Imagine a cash cow that once brought in a staggering N26.2 billion for Nigeria in a single year, completely drying up to zero. Sounds like fiction? Unfortunately, it is the harsh reality of Nigeria’s once-booming ginger export industry.
For decades, Nigerian ginger was globally revered for its high volatile oil content, pungent aroma, and top-tier spice quality. It positioned Nigeria comfortably as the second-largest ginger producer in the world. But today, the story has dramatically changed. By the end of 2025, Nigeria’s ginger export earnings spectacularly crashed from N26.2 billion in 2023 to absolutely zero naira.
How did a national agricultural treasure collapse so fast? Welcome to the devastating reality of the 2023–2025 Ginger Blight Epidemic.
The Culprit: The Deadly Tuber Rot Disease
The primary villain in this agricultural tragedy is a brutal fungal infection known as Ginger Blight or “tuber rot disease.” The disease viciously attacks the underground tubers, causing the above-ground plants to wither and die.
In Kaduna State—Nigeria’s undisputed ginger headquarters—along with parts of Nasarawa, Benue, and Plateau, the blight struck like a plague. It wiped out a heart-wrenching 90% of the farmers’ harvest. According to the Federal Ministry of Agriculture and Food Security, smallholder farmers incurred staggering losses exceeding N12 billion.
Florence Edwards, National President of the Ginger Growers, Processors and Marketers Association of Nigeria (GGPMAN), perfectly captured the despair: “As of today, we have nothing to export. I have lost everything. I can’t even do anything anymore, nothing to show for all my efforts.”
The Bizarre Economics: Why Exports Dropped to Zero
You might wonder: if we still produced some ginger, why didn’t we export it? The answer lies in simple but brutal economics.
Because the blight wiped out almost the entire crop, the law of supply and demand kicked in locally. Ginger became an incredibly scarce and pricey commodity in Nigeria. In just two years, the price of a 50kg bag of fresh ginger skyrocketed by 500%—jumping from N50,000 in 2023 to an unbelievable N300,000 today.
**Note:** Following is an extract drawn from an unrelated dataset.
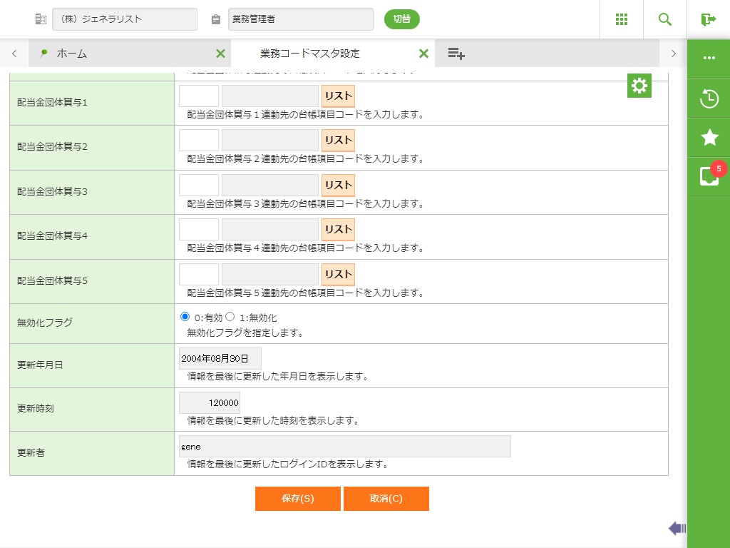 ・ 新規登録時は、以下の項目に入力します。修正時は、指定した生保損保会社マスタの情報が表示されますので、必要な情報を修正します。無効/有効化時は、指定した生保損保会社マスタの情報が表示されますが、入力はできません。内容を確認して<保存(S)>をクリックします。

By the time the remaining ginger was dried and split, the domestic price surged to a record N15.2 million ($10,000) per metric ton.
However, in the international market, Asian and European buyers were only willing to pay the standard global rate of about $2,000 per ton. For Nigerian exporters, buying ginger locally at $10,000 to sell abroad at $2,000 was economic suicide. As a result, exporters simply folded their hands, abandoning international buyers to source from cheaper global competitors. The local market swallowed whatever little ginger was left.
A Vicious Cycle of Recycled Seeds
Why hasn’t the disease been defeated? Experts note that Nigerian farmers have been recycling the same ginger seeds for over 20 years. When an outbreak happens, the surviving seeds are often still carriers of the fungus. Replanting them the next season only invites another wave of the blight.
While the Federal Government, through the National Agricultural Development Fund (NADF), recently tried to intervene with a N1.6 billion support package containing pesticides, fungicides, and fertilizers, agricultural experts say this is just a band-aid on a bullet wound.
What Nigerian farmers desperately need right now are disease-resistant seeds. Treating the soil and distributing modern, resilient seedlings are the only ways to guarantee that the disease doesn’t return to ravage the next planting season.
A Call to Action
For Nigeria’s non-oil export dreams, this total crash is a massive wake-up call. We are watching millions of dollars in foreign exchange slip through our fingers while thousands of local farmers—mostly women and youths in rural communities—are pushed into poverty.
If the government and private sector do not urgently subsidize disease-resistant seedlings and implement rigorous soil-treatment programs, Nigeria risks permanently surrendering its status as a global ginger powerhouse.
The soil in Kaduna and the Middle Belt is still fertile, and the global demand for ginger is higher than ever. It is time for the government to step up, heal the land, and help our farmers reclaim Nigeria’s lost ginger crown.